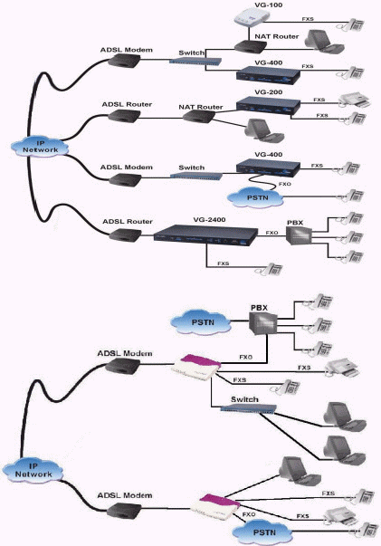 公司已建有Internet或VPN企業(yè)數(shù)據(jù)網(wǎng)絡(luò),對于這種情況,安裝VOIP設(shè)備十分簡單,也非常容易理解?偣救缭拕(wù)量很大時(shí),可選一臺(tái)或多臺(tái)HSP-2000做堆疊,使用IP sharing功能,以節(jié)省公有(global)IP地址。一般的分公司可選擇1臺(tái)VG-902或VG-904做語音網(wǎng)關(guān)。各個(gè)點(diǎn)配置的IP接入網(wǎng)關(guān)都可與各種類型的用戶交換機(jī),集團(tuán)電話相連接。移動(dòng)用戶也可通過本地的VOIP網(wǎng)關(guān)撥打長途電話。沒有專用網(wǎng)絡(luò),采用ADSL上網(wǎng)的企業(yè)也可應(yīng)用Internet建立自己的IP電話網(wǎng)絡(luò)。由于ADSL撥號(hào)上網(wǎng)一般不能分配到固定的IP地址,IP語音網(wǎng)關(guān)連接在局域網(wǎng)上,配置的是局域網(wǎng)內(nèi)部IP地址,所以每次上網(wǎng)后不能自動(dòng)獲取對方的IP地址,導(dǎo)致不能通信。HSP-2000采用獨(dú)有的嵌入式Gatekeeper技術(shù)和設(shè)計(jì),支持PPPoE & DHCP 動(dòng)態(tài)的IP,完全解決了上述問題,滿足了ADSL用戶VOIP的需求。
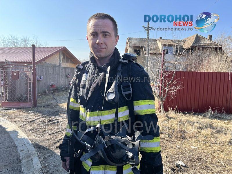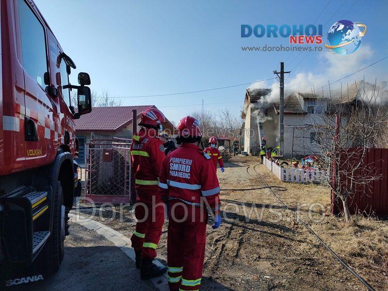 Incendiul a fost anunțat la numărul de urgență 112 după ce s-a observat fum puternic care ieșea din mansarda casei. La locul indicat s-au deplasat două autospeciale cu apă și spumă din cadrul Detașamentului de Pompieri Dorohoi, un echipaj SMURD și un echipaj de poliție. La sosirea pompierilor incendiul se manifesta într-un dormitor aflat în mansarda casei, cu posibilitate de extindere la întreaga locuință.
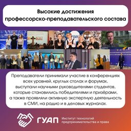 • Высокие достижения профессорско-преподавательского состава
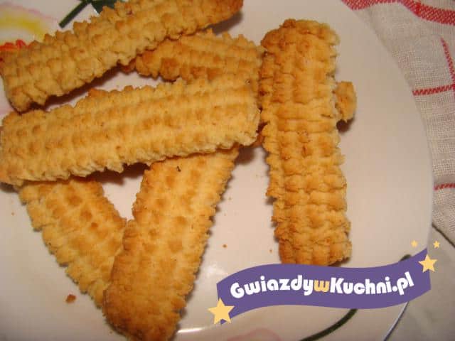 Wyrobić ciasto z podanych składników. Założyć na maszynkę do mięsa specjalną blaszkę – formę z otworami i przepuścić ciasto. Wychodzące paski krajać na dowolnej długości ciastka. Układać na blasze i piec około 25-30 minut, przez 150 stopni c.
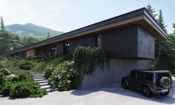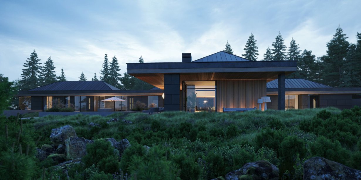Przedstawiamy projekt domu usytuowanego na zboczu góry, z przepięknym widokiem na górzysty krajobraz, rozciągający się ponad dachami domów położonych niżej. Ten widok urzekł zarówno inwestorów, jak i nas – architektów. To właśnie panorama oraz poczucie prywatności stały się najważniejszymi założeniami projektowymi. Zarówno układ funkcjonalny budynku, jak i jego orientacja względem terenu zostały podporządkowane tym dwóm celom.
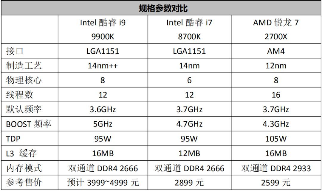 就目前情况来看,在消费级平台上Intel和AMD都有了8核心16线程的产品,但由于Intel处理器在频率方面的优势,酷睿i9 9900K的综合性能预计会好于锐龙7 2700X,而以Intel定价的习惯来看,更高的性能必然会带来更高的定价,而且就目前酷睿i7 8700K价格大幅走高的情况来看,酷睿i9 9900K的国行售价必定会相当惊人。
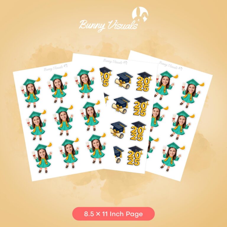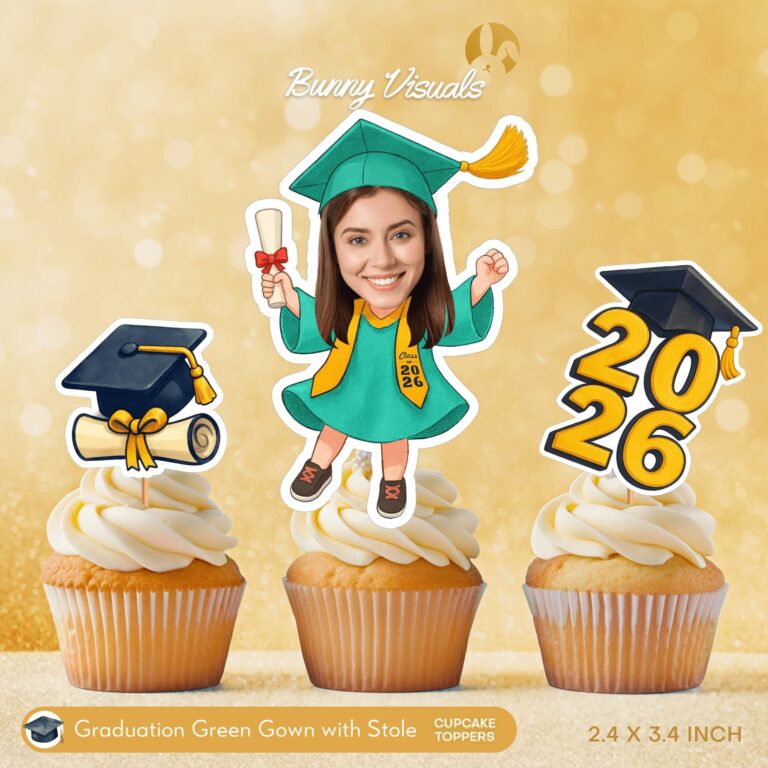 Custom Face Class of 2026 Graduation Cupcake Toppers with Green Gown
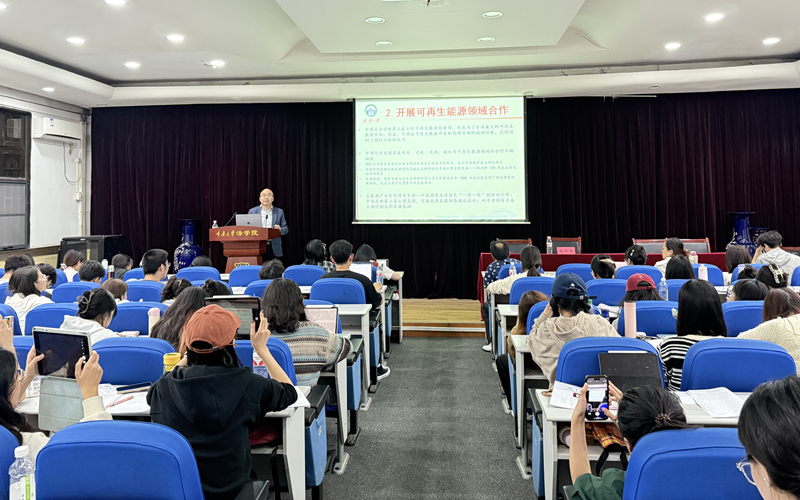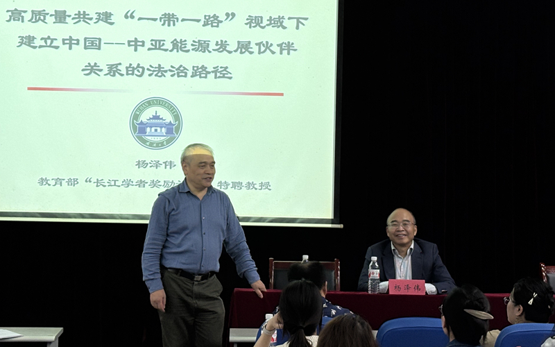 2024年10月25日晚,重庆大学国际法学科建设系列讲座之一在法学院210学术报告厅举行。国家级高层次人才、武汉大学弘毅特聘教授杨泽伟同志作题为《高质量共建“一带一路”视域下建立中国-中亚能源发展伙伴关系的法治路径》的学术讲座。讲座由重庆大学法学院国际法学科负责人胡德胜教授主持,张路教授与谈。报告厅内座无虚席,百余名师生参加了本次讲座。
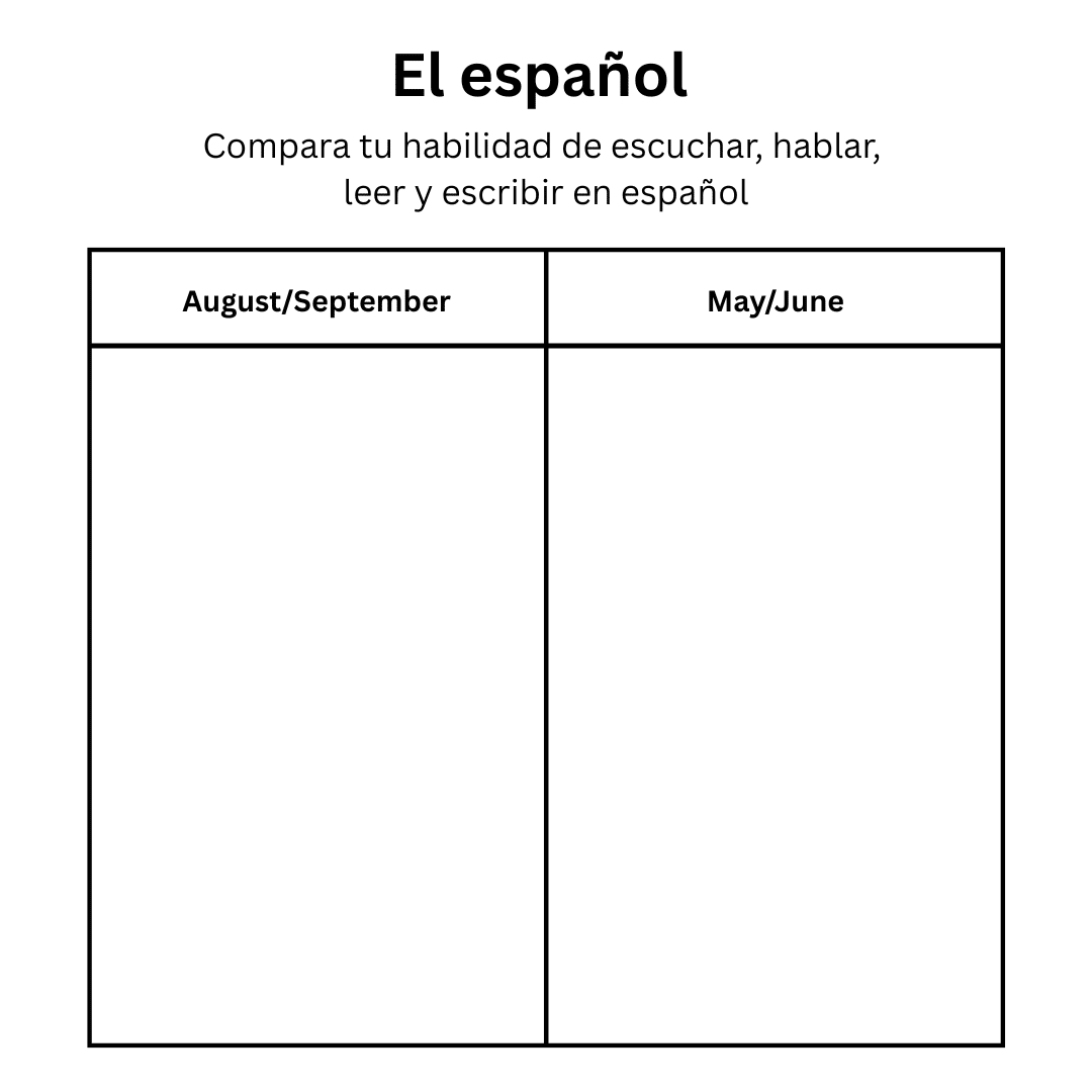 The example above is for Spanish, however, you should do this in English as well. You could also create a chart with Spanish on one side and English on the other side. The point is allowing students to reflect on their trajectory of bilingualism and biliteracy honors the work they've been doing all school year.
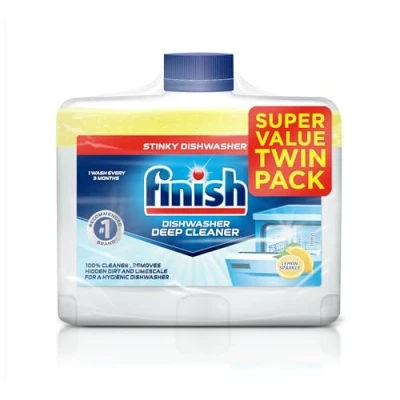 DEEP CLEANING ACTION – Finish Dishwasher Cleaner is formulated to remove hidden grease, grime, and limescale build-up inside your dishwasher. It targets hard-to-reach internal components including spray arms, filters, and pipes. Helps improve cleaning efficiency when used regularly. Designed for monthly maintenance cycles. HELPS PREVENT ODOURS – Regular use helps neutralise unpleasant smells that can develop inside the machine. Acts on residue build-up that may cause lingering odours over time. Leaves the dishwasher interior smelling fresh after use. Use with an empty machine for best results. MAINTAINS MACHINE PERFORMANCE – Supports the longevity and proper functioning of your dishwasher by cleaning areas not accessible during standard wash cycles. Helps protect internal parts from limescale. Intended to enhance overall appliance performance. Can be used alongside Finish dishwasher tablets. EASY TO USE – Simply remove the sticker and place the bottle upside down in the lower rack of an empty dishwasher. Run on the hottest cycle to activate the formula. No additional steps or tools required. Follow label instructions for safety and effectiveness. 2 x 250ML TWIN PACK – Supplied as a twin pack with two 250ml bottles for multiple treatments. Ideal for scheduling regular cleaning over several months. Store in a dry, cool place between uses. Use one bottle per cleaning cycle.
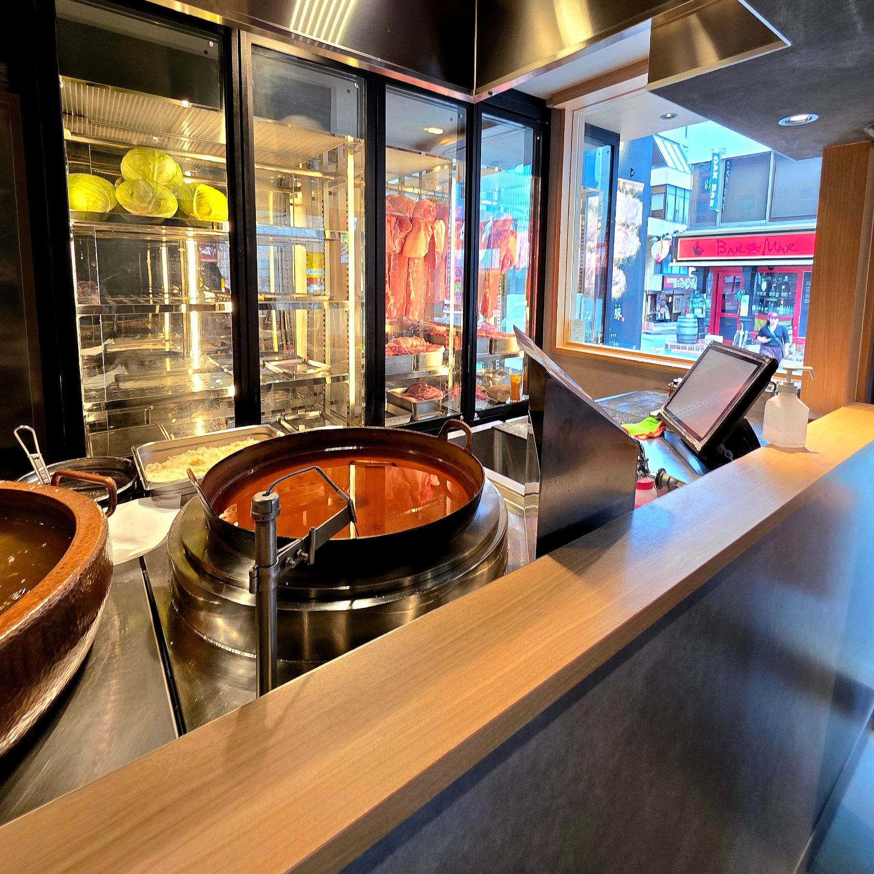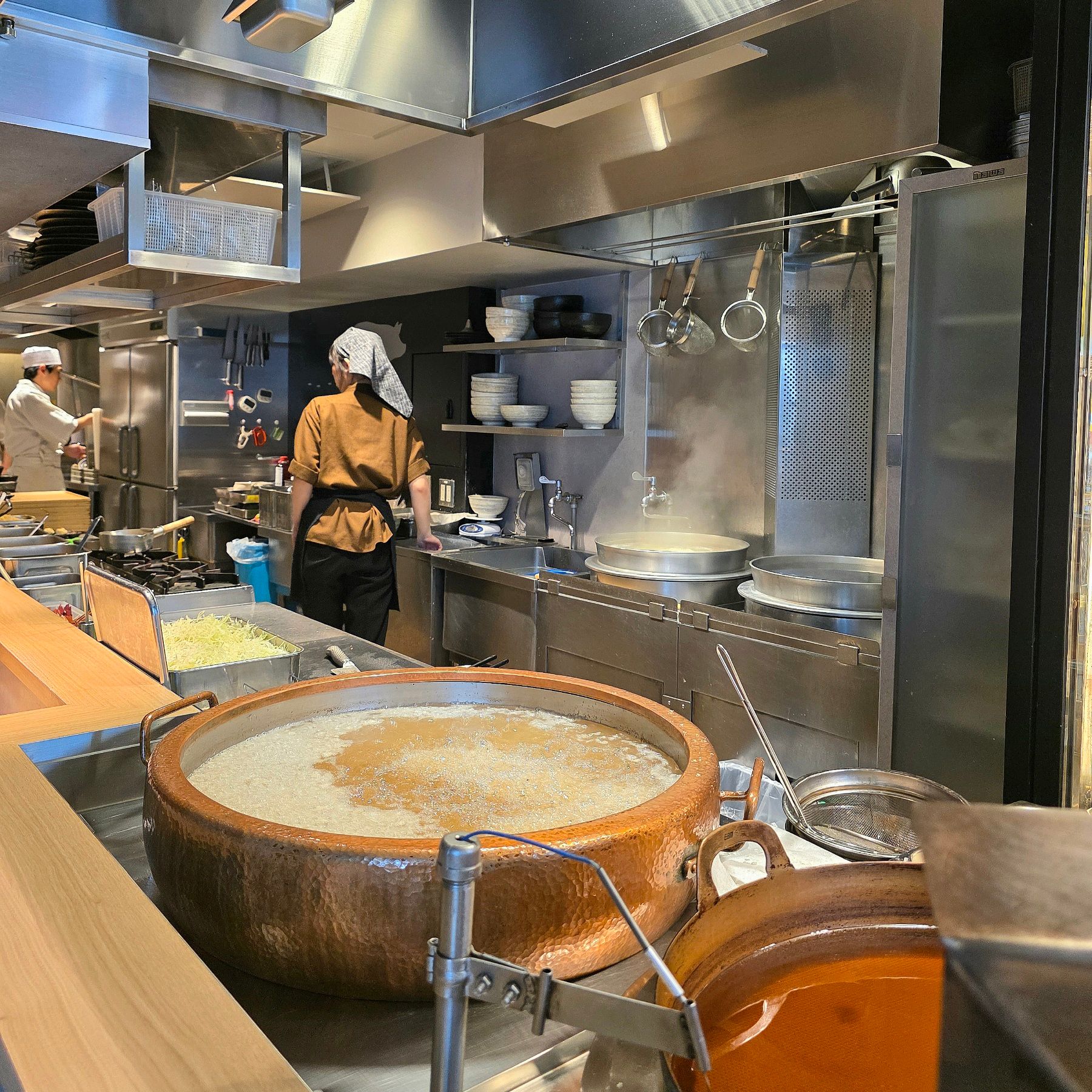 店内は入口でとんかつを調理するのをガッツリ見ることができます。待ち時間もワクワクできる、なかなか上手い演出です。
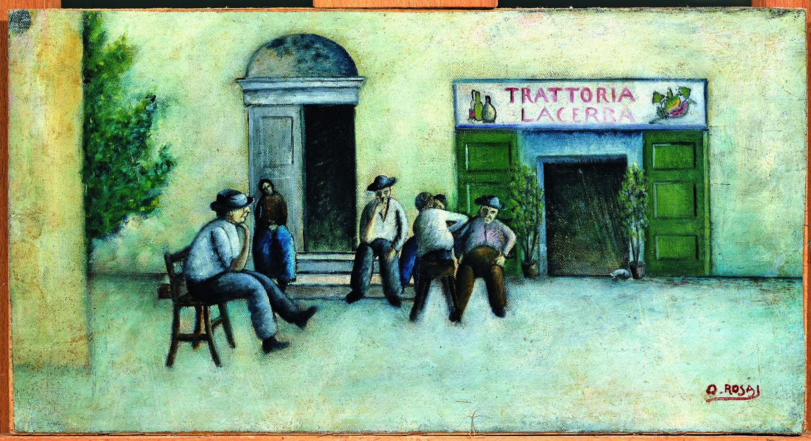 Nella prima sono contemplate le raccolte di cinque importanti istituzioni fiorentine presenti con opere di differenti tipologie, provenienti da altrettanti differenziate vicende collezionistiche. Le sale più vaste accolgono la raccolta di origine bancaria del Monte dei Paschi di Siena, che ospita nelle proprie sedi – soprattutto tra Firenze e Siena – fondi oro e dipinti dei maggiori rappresentanti dell’arte senese dal XIV al XIX secolo, ma anche un vasto nucleo di dipinti novecenteschi, arricchitosi soprattutto in seguito all’incorporazione della collezione di Banca Toscana. Se di Felice Carena è la celebre grande tela che raffigura una lezione accademica di nudo – nella quale sono forse ritratti gli stessi colleghi del pittore all’Accademia di Belle Arti di Firenze –, di Rosai sono opere fondamentali come I giocatori di Toppa, esempio di quella critica alle convenzioni borghesi che si esprimeva attraverso lo scelta del popolo come soggetto principale della propria pittura e di una stile scarno e antiaccademico a sottolinearne il carattere allo stesso tempo toscanissimo e universale. Di quel candidissimo pittore delle essenze che fu Donghi le Donne per le scale, esempio di quel “realismo magico” che caratterizza molta pittura italiana tra le due guerre, mentre di Severini uno dei pannelli dipinti nel 1928 per l’abitazione parigina del mercante Léonce Rosenberg, incentrato sul tema del circo e delle maschere italiane caro al pittore in questi anni. E poi anche nature morte (un singolare De Pisis) e paesaggi (un raro Morandi) offrono dimostrazione di una coerenza di scelte collezionistiche, da cui esula inaspettatamente un’opera giovanile di Burri, una tela realizzata con frammenti di stoffe.
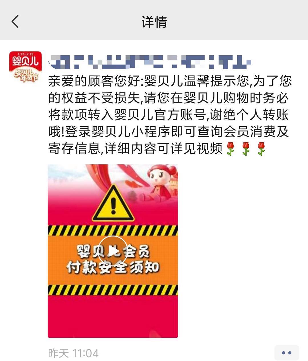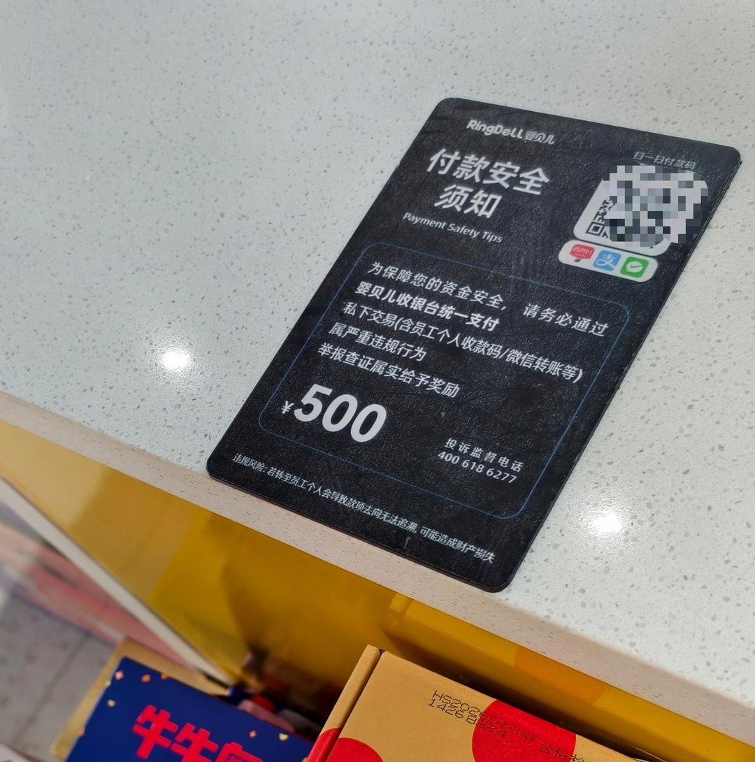 记者走访发现,济南本土母婴品牌婴贝儿已针对行业漏洞做出行动,多家门店收银台均张贴“付款安全须知”,明确“务必通过收银台统一支付,私下交易属于严重违规行为,举报查证属实给予奖励500元。”据店内工作人员介绍,2月10日公司通过门店、区域、大区多层级工作群,向全员下发禁止员工个人收款的通知,大家还进行了朋友圈转发,提醒消费者不要进行个人转账,从收款环节筑牢消费安全防线。

####

◆ The task ◆
Look above for the line with "Custom Face Class" and the line with "店内は入口でとんかつを調理す". Copy them and every line between, exactly, but no pictures.

◆ Result for this task ◆
 Custom Face Class of 2026 Graduation Cupcake Toppers with Green Gown
 2024年10月25日晚,重庆大学国际法学科建设系列讲座之一在法学院210学术报告厅举行。国家级高层次人才、武汉大学弘毅特聘教授杨泽伟同志作题为《高质量共建“一带一路”视域下建立中国-中亚能源发展伙伴关系的法治路径》的学术讲座。讲座由重庆大学法学院国际法学科负责人胡德胜教授主持,张路教授与谈。报告厅内座无虚席,百余名师生参加了本次讲座。
 The example above is for Spanish, however, you should do this in English as well. You could also create a chart with Spanish on one side and English on the other side. The point is allowing students to reflect on their trajectory of bilingualism and biliteracy honors the work they've been doing all school year.
 DEEP CLEANING ACTION – Finish Dishwasher Cleaner is formulated to remove hidden grease, grime, and limescale build-up inside your dishwasher. It targets hard-to-reach internal components including spray arms, filters, and pipes. Helps improve cleaning efficiency when used regularly. Designed for monthly maintenance cycles. HELPS PREVENT ODOURS – Regular use helps neutralise unpleasant smells that can develop inside the machine. Acts on residue build-up that may cause lingering odours over time. Leaves the dishwasher interior smelling fresh after use. Use with an empty machine for best results. MAINTAINS MACHINE PERFORMANCE – Supports the longevity and proper functioning of your dishwasher by cleaning areas not accessible during standard wash cycles. Helps protect internal parts from limescale. Intended to enhance overall appliance performance. Can be used alongside Finish dishwasher tablets. EASY TO USE – Simply remove the sticker and place the bottle upside down in the lower rack of an empty dishwasher. Run on the hottest cycle to activate the formula. No additional steps or tools required. Follow label instructions for safety and effectiveness. 2 x 250ML TWIN PACK – Supplied as a twin pack with two 250ml bottles for multiple treatments. Ideal for scheduling regular cleaning over several months. Store in a dry, cool place between uses. Use one bottle per cleaning cycle.
 店内は入口でとんかつを調理するのをガッツリ見ることができます。待ち時間もワクワクできる、なかなか上手い演出です。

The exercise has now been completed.